GEMPA DAN IMAN
Gempa demi gempa mendera bumi pertiwi Indonesia. Pada bulan Juli dan Agustus yang lalu, gempa berkekuatan 6.9 SR mengguncang Lombok. Namun yang mengerikan ialah gempa susulan yang datang terus-menerus tidak kurang dari 400 gempa berikutnya membuat warga menderita secara fisik dan psikis. Kemudian pada bulan September, disusul gempa berkekuatan 7.4 SR yang terjadi di kepulauan Sulawesi daerah Donggala, Palu, Sigi, Tolitoli, Mamuju dan sekitarnya. Gempa ini memicu terjadinya tsunami setinggi 1.5 meter di tepi kota Palu. Banyak korban berjatuhan. Tua dan muda, miskin dan kaya tidak terkecuali. Baik korban yang tersapu air, maupun yang tertindih reruntuhan bangunan dan tertelan, terjepit patahan-patahan tanah, semuanya mengalami derita yang amat sangat. Saat ini, jumlah yang terdata sudah lebih dari 2000 orang. Belum pulih dari gempa sebelumnya, hari Kamis lalu (11 Oktober), gempa berkekuatan 6.4 SR menghantam Situbondo, Jawa Timur dan Bali. Pada hari yang sama juga dilangsungkan rapat tahunan IMF dan World Bank di Bali dan dilakukan penandatangan investasi bilateral antara Indonesia dengan Singapura. Tetapi tidak lama setelah itu, menyusul gempa 7.0 SR mengguncang daerah Papua Nugini. Ada apa dengan Indonesia?
Ada kelompok yang agak ekstrem mengaitkan musibah alam ini dengan alasan-alasan religius, misalnya karena ada tokoh agama tertentu yang dijadikan tersangka atau mengalami ketidakadilan, karena itu Indonesia didera gempa. Tetapi ada juga analisis yang baik. Kebanyakan pengamat akan menyatakan bahwa memang ini adalah akibat logis dari lokasi Indonesia yang terletak di atas “Pasific Ring of Fire” (Cincin Api Pasifik atau Lingkaran Api Pasifik). Ini adalah daerah yang sering mengalami gempa bumi dan letusan gunung berapi yang mengelilingi cekungan Samudra Pasifik. Daerah ini berbentuk seperti tapal kuda dan mencakup wilayah sepanjang 40.000 km. Daerah ini juga sering disebut sebagai sabuk gempa Pasifik. Tentu saja ini adalah pengamatan yang baik dan benar. Namun gempa, bukan hanya masalah fisik dan psikis, tetapi juga masalah hati.

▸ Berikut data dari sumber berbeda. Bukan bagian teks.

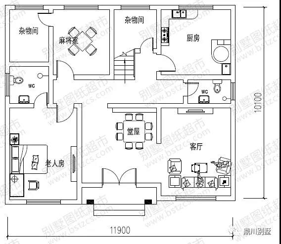 一 層:堂屋、客廳、老人房(附衛(wèi)生間)、麻將室(附雜物間)、雜物間、廚房(兼餐廳)、衛(wèi)生間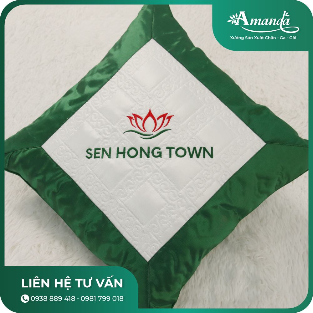 Mỗi tấm trang trí được thiết kế theo tone màu chủ đạo của khách sạn, có thể thêu logo hoặc tên thương hiệu, giúp tăng khả năng nhận diện và tạo ấn tượng chuyên nghiệp ngay từ cái nhìn đầu tiên. Vải Tafta cao cấp kết hợp lớp gòn mỏng nhẹ giúp form dáng chắc, phồng vừa phải và giữ màu lâu dài sau nhiều lần giặt.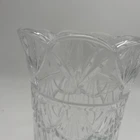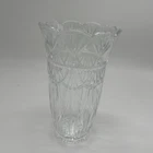 This beautiful vintage Bohemian glass flower vase features intricate floral etching and scalloped edges. The clear crystal material adds a touch of elegance to any home decor, while the 12 inch height makes it a statement piece. The vase is perfect for displaying fresh or dried flowers, and adds a touch of vintage charm to any room. The vase is from Bohemia and boasts a brand that is recognized for quality and craftsmanship. Its unique floral pattern and scalloped design make it a one-of-a-kind piece that will surely catch the eye of any guest. Whether you're an avid collector or simply looking for a stunning vase to display your favorite blooms, this vintage vase is an excellent choice.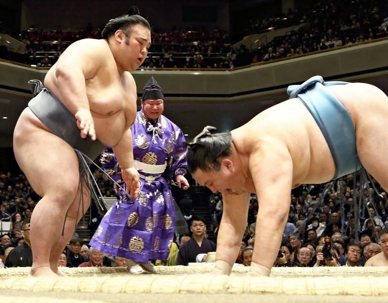 Sekiwake Takayasu, who aims to return to the ozeki rank with 10 or more wins at this tournament, suffered his third loss, falling to komusubi Daieisho (2-3) after a fierce exchange of shoves before being pushed out of the ring.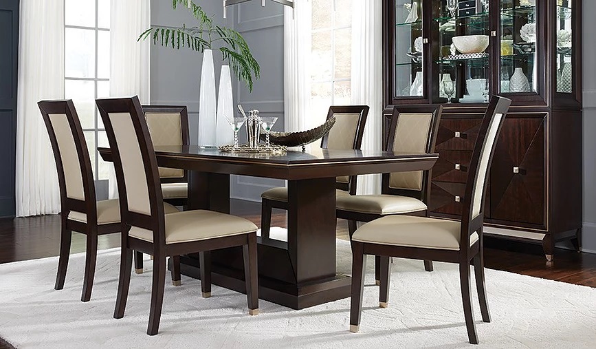 The Woodbridge dining was built not only with elegance and sophistication in mind, but also with quality craftsmanship to ensure it will remain the centerpiece of the home for years to come. The table, with its sturdy, elaborately shaped pedestal base lends it character and the smooth, beveled top with gold-accented inlay creates a unique dining experience. The side chairs feature curved backs to ensure comfort along with quilted easy-to-clean PU upholstery that’s smart while providing durability. Beveled fronts and reflective acrylic trims in the server allow it to stand alone or be paired with a hutch for additional display.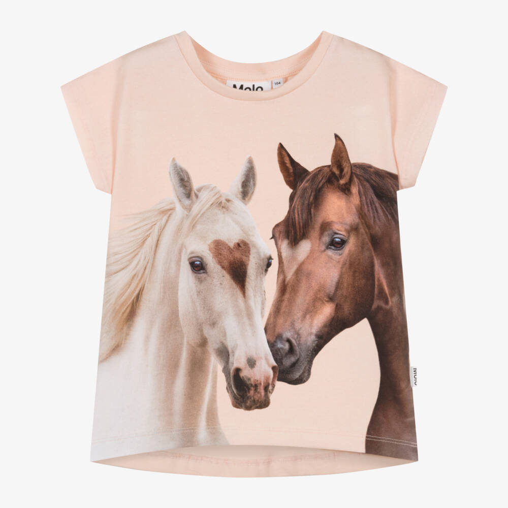 Pastel pink T-shirt for girls by Danish brand, Molo. Made in soft organic cotton jersey, it has a lovely print of two horses on the front. It has a crew neckline, seamless short sleeves and a logo tab sewn on the side seam.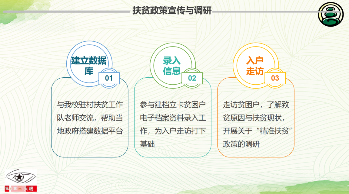 宣讲开始,先是王怡然介绍国家政策背景,两个一百年奋斗目标:第一个一百年,是到中国共产党成立100年时全面建成小康社会;第二个一百年,是到新中国成立100年时建成富强、民主、文明、和谐、美丽的社会主义现代化强国,以及精准扶贫战略、乡村振兴战略。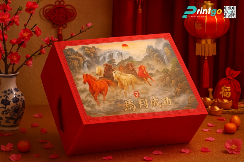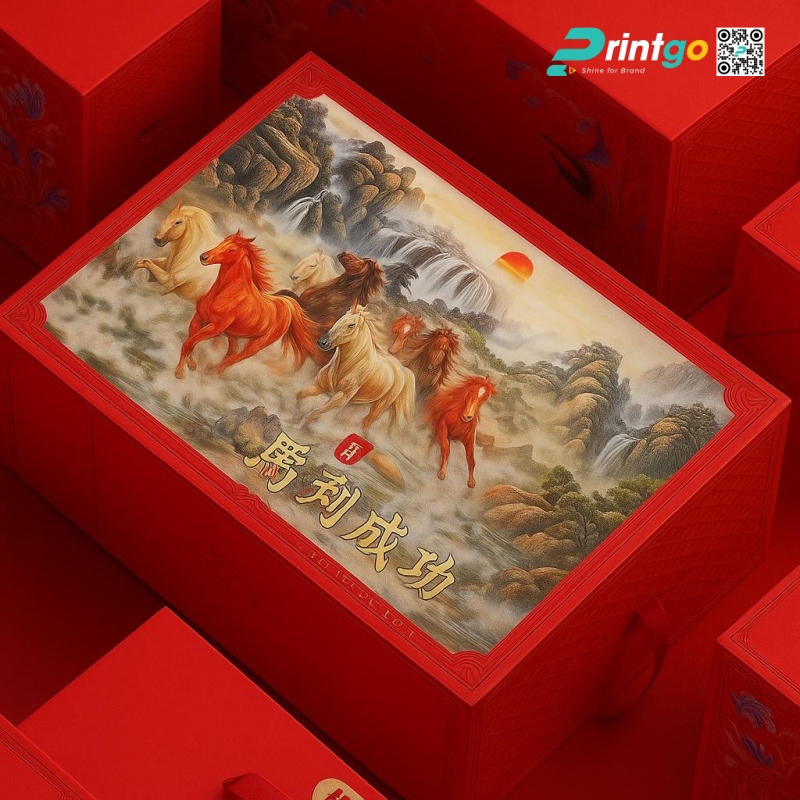 Khi không khí Tết Bính Ngọ 2026 dần lan tỏa, Printgo tự hào mang đến mẫu hộp quà Tết Mã Đáo Thành Công – biểu tượng cho khát vọng vươn xa và tinh thần khởi đầu hứng khởi. Với chất liệu cao cấp, hình ảnh độc đáo, thiết kế này toát lên vẻ sang trọng, may mắn và tràn đầy năng lượng. Đây chính là lựa chọn hoàn hảo để doanh nghiệp gửi gắm lời chúc thịnh vượng, đồng thời khẳng định phong thái chuyên nghiệp và đẳng cấp trong mùa Tết sắp tới.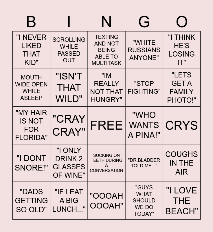 This bingo card has a free space and 24 words: "I ONLY DRINK 2 GLASSES OF WINE", "IF I EAT A BIG LUNCH...", "IM REALLY NOT THAT HUNGRY", "DADS GETTING SO OLD", "I THINK HE'S LOSING IT", "I NEVER LIKED THAT KID", MOUTH WIDE OPEN WHILE ASLEEP, SCROLLING WHILE PASSED OUT, "WHO WANTS A PINA!", SUCKING ON TEETH DURING A CONVERSATION, "STOP FIGHTING", "MY HAIR IS NOT FOR FLORIDA", "DR.BLADDER TOLD ME...", COUGHS IN THE AIR, "ISN'T THAT WILD", "GUYS WHAT SHOULD WE DO TODAY", CRYS, TEXTING AND NOT BEING ABLE TO MULTITASK, "LETS GET A FAMILY PHOTO!", "CRAY CRAY", "I LOVE THE BEACH", "I DONT SNORE!", "WHITE RUSSIANS ANYONE" and "OOOAH OOOAH".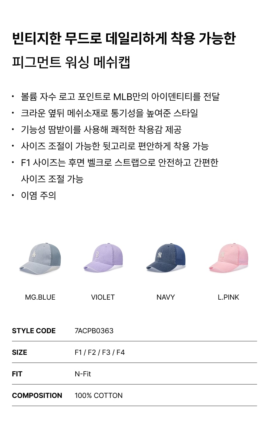 상품명: 피그먼트 워싱 메쉬캡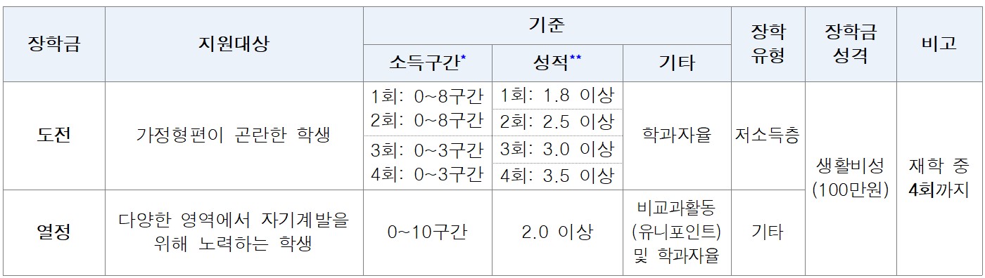 [장학금명] 인천대사랑장학금(도전, 열정)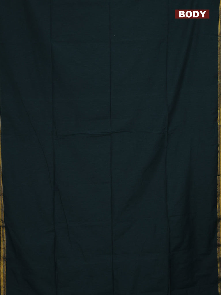 Bengal soft cotton saree bottle green and blue with plain body and zari woven border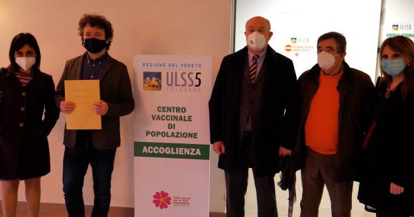 Il commento per direttore generale dell'Ulss 5 Polesana, Antonio Compostella in visita questa mattina al centro vaccinale di Adria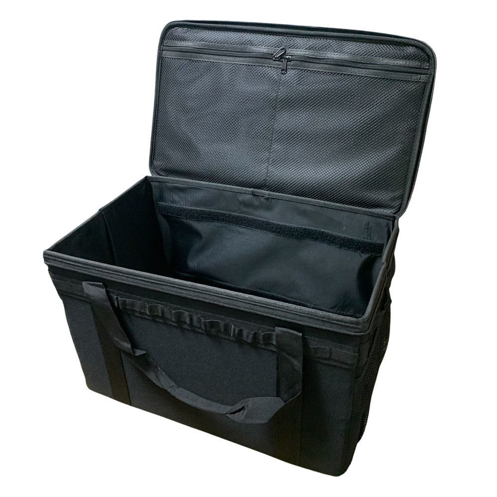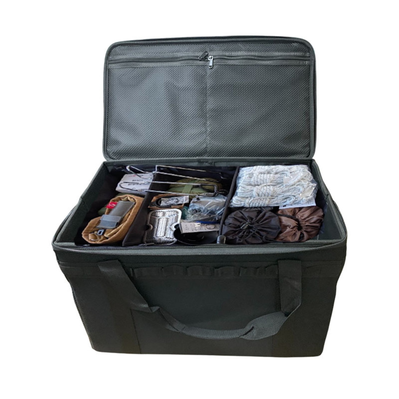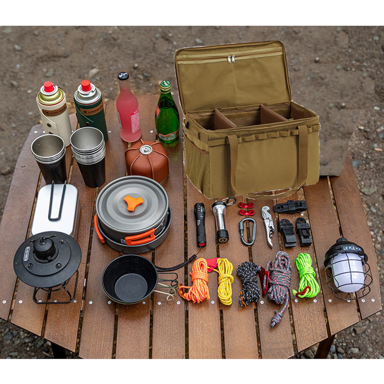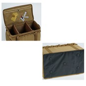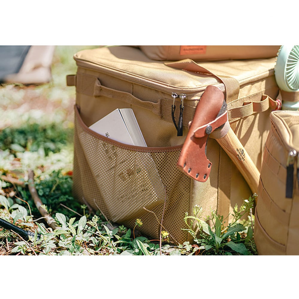 仕切り用の板を2枚付属、キッチンツールや小物を綺麗に分別することができます。焚き火台や薪ストーブなどの大きさのあるキャンプグッツ入れる際は、仕切り板を外してご使用ください。また、キャンプバッグの側面にあるカラビナループに、コップやキッチンツール・ナイフなどのキャンプ道具を掛けることができます。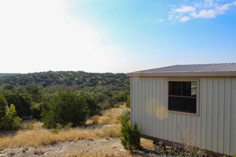 Red Bluff Retreat offers 75 acres for sale in Edwards County, Texas. This hunting ranch combines rugged scenery, Red Bluff Creek frontage, and ready-to-use improvements. The property features over 1,500 feet of wet-weather Red Bluff Creek lined with large bluffs, open meadows, and big oaks along the bottom. A 400 sq/ft metal Morgan building sits on an elevated point with wide views across the creek valley, offering a comfortable setup for weekend stays or a base camp for future development.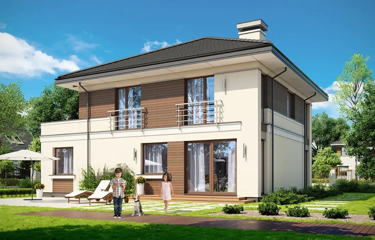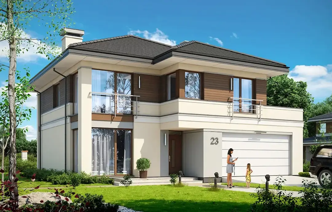 Проект современного двухэтажного дома с гаражом в стиле райт. Верхний этаж дома украшен деревянной облицовкой, в то время как нижний этаж окрашен в светлый тон декоративной штукатурки.

Paul Tripp dalam tulisannya Suffering: Gospel Hope When Life Doesn’t Make Sense menyatakan, “Suffering is never just a matter of the body but is always also a matter of the heart. When you suffer, your heart is under attack. Suffering takes us to the borders of our faith. It leads us to think about things we’ve never thought about before and maybe even question things we thought were settled in our hearts.” Saya setuju dengan hal ini. Gempa dan berbagai penderitaan lainnya bukan hanya masalah fisik, ini juga menyerang hati; membawa kita kepada titik nadir yang paling lemah untuk kita bertanya dan mempertanyakan iman yang selama ini menjadi jangkar pengharapan hidup. Puji syukur pada Tuhan, kita memiliki iman yang tertanam pada diri Kristus yang telah mengalami penderitaan yang paling gelap, yaitu keterpisahan dengan Bapa karena menanggung dosa. Namun Ia menang dan bangkit dari maut. Ini menjadi kekuatan iman dan pengharapan kita bahwa “sekalipun aku berjalan dalam lembah kekelaman, aku tidak takut bahaya, sebab Engkau besertaku; gada-Mu dan tongkat-Mu, itulah yang menghibur aku” (Mazmur 23:4). (yj).